Communicating the strengths and connectedness of the Canadian biotech ecosystem was a driving objective behind the BIOTECanada Ecosystem paper.

2018 is shaping up to be a critical year in the context of the industry’s policy environment. Recent developments on the federal public policy front underscore the importance of this second phase of the Ecosystem project. In addition to developing materials to enable industry leaders to tell the industry story, Ecosystem 2.0 will address a longstanding need, namely: access to quantifiable industry economic data. Despite significant industry growth over the past decade, the last robust national data set collected on the Canadian life sciences industry was the 2005 Statistics Canada Biotechnology Uses & Development Survey. Since then, Canada has been lacking prime data points to measure the national footprint of the industry.

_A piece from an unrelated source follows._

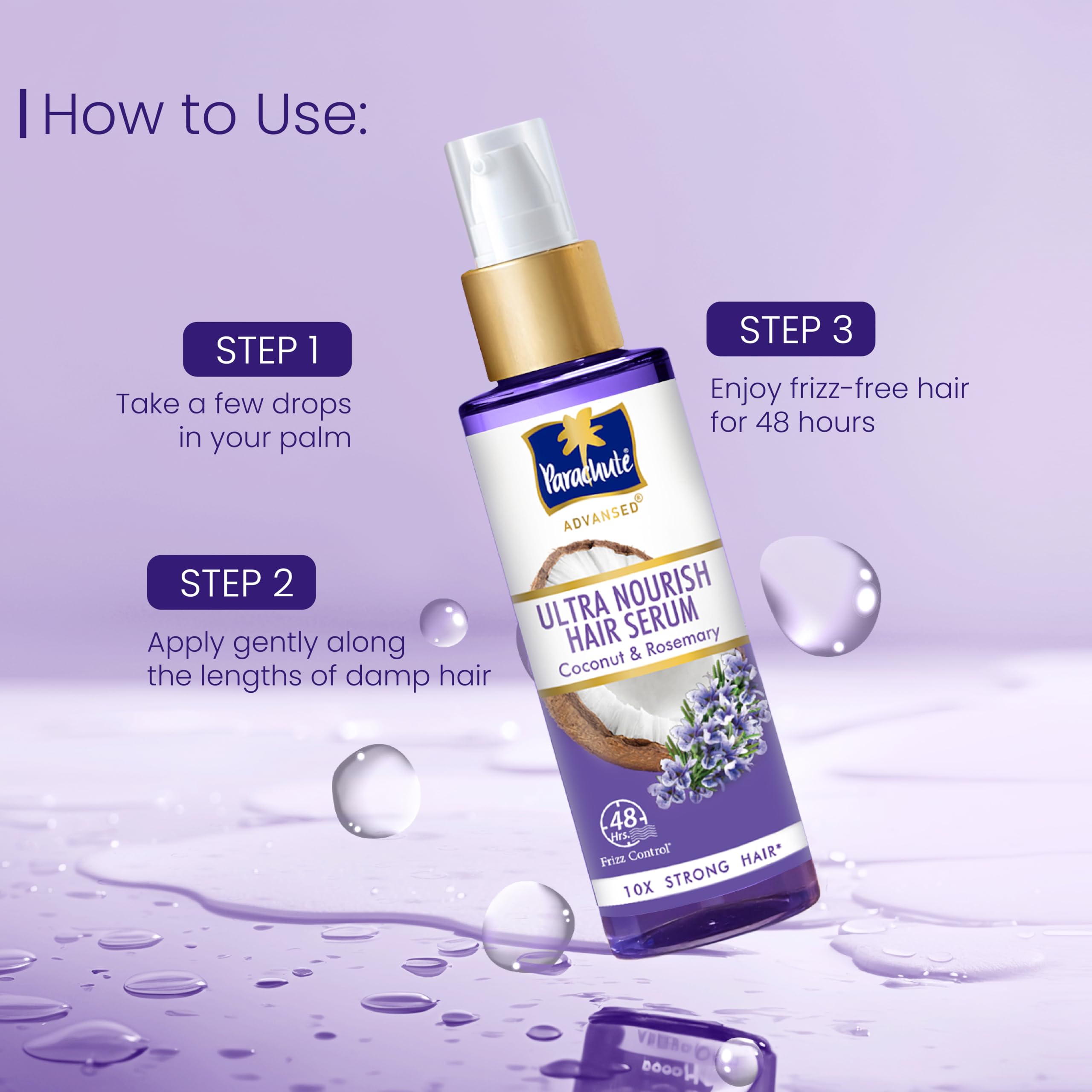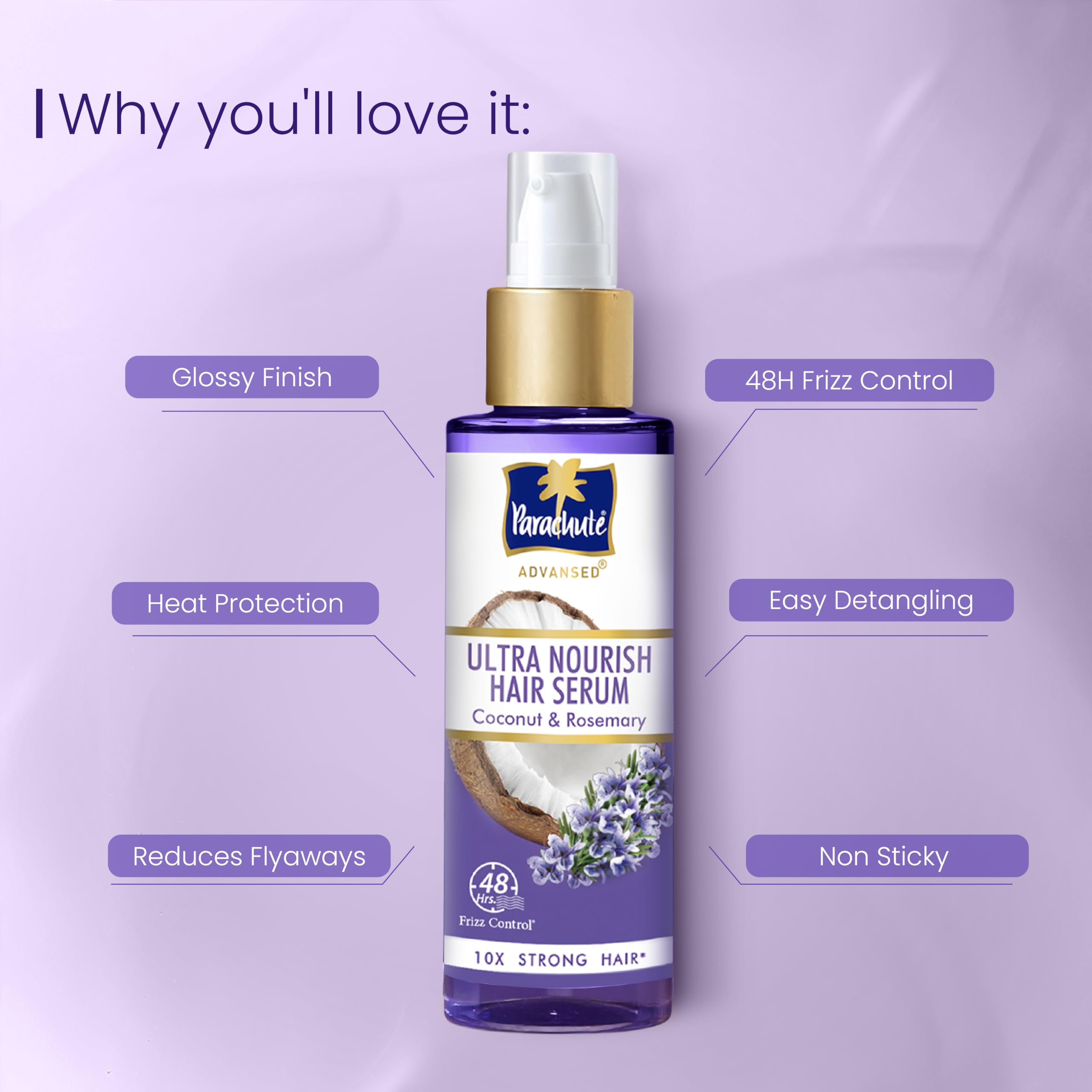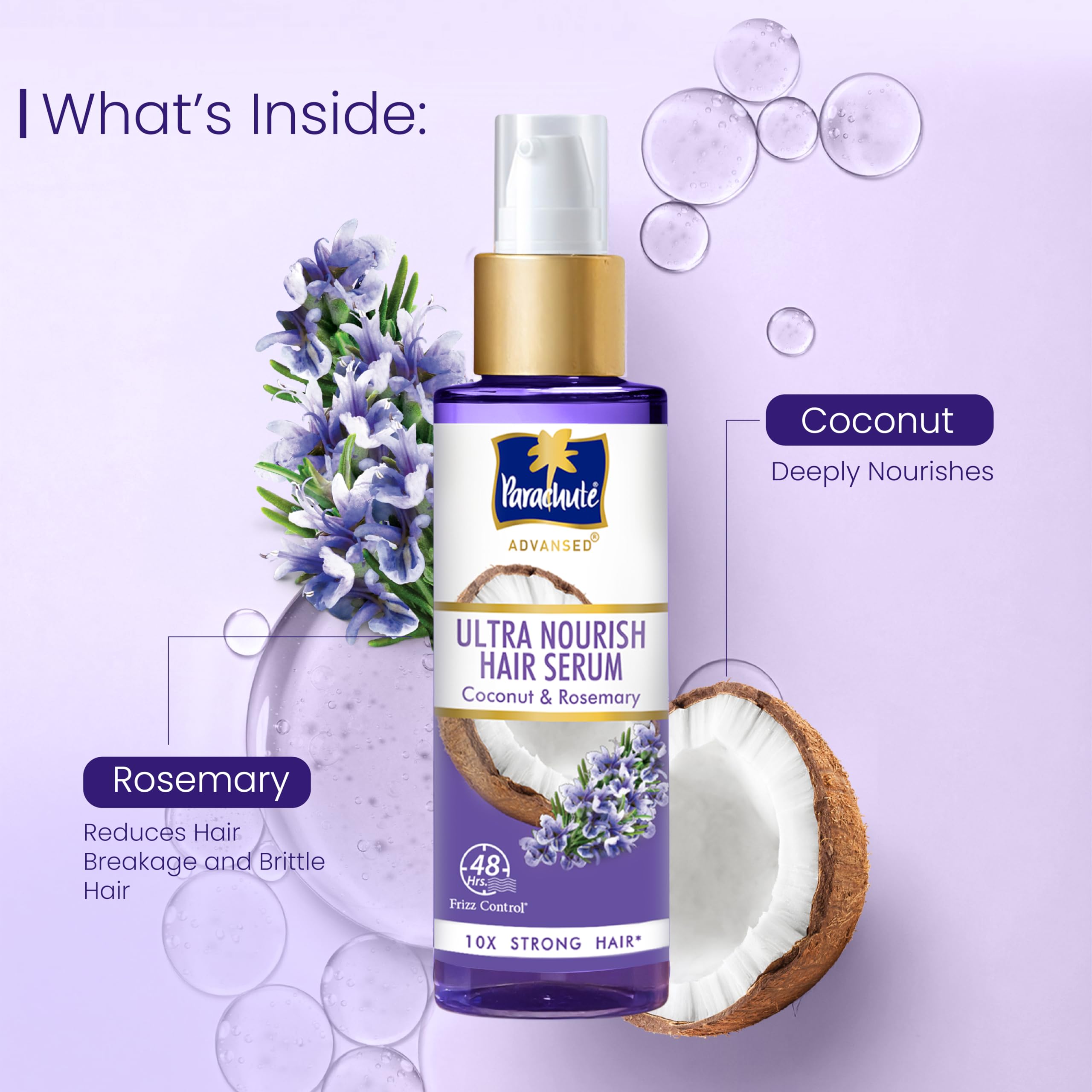 Packed with: Goodness of Coconut & Rosemary a powerhouse duo that nourishes strengthens and helps reduce breakage. This ultra nourish serum makes your hair healthy strong and beautiful. Keeps your hair: Extremely Nourished Healthy & Strong! Controls frizz for 48 hours.

This is a significant gap which BIOTECanada is undertaking to fill by establishing a long-term, consistent mechanism that will collect reliable data and enable analysis on the economic value of the industry, and the biotech investment dynamic (access to capital etc.) in Canada.

To this end, BIOTECanada has engaged Deloitte LLP to identify key metrics that will quantify the industry’s economic and social importance. In this context, Deloitte has developed a survey for member companies which will collect key data points on the Canadian life sciences industry (life sciences, agriculture and industrial) including its economic output, employment characteristics, research and development activity, and investment trends.

The survey will take approximately 15 minutes and will help greatly in improving our understanding and ability to communicate the benefits of the sector. In the interests of confidentiality, all answers will be anonymized and aggregated in the final report.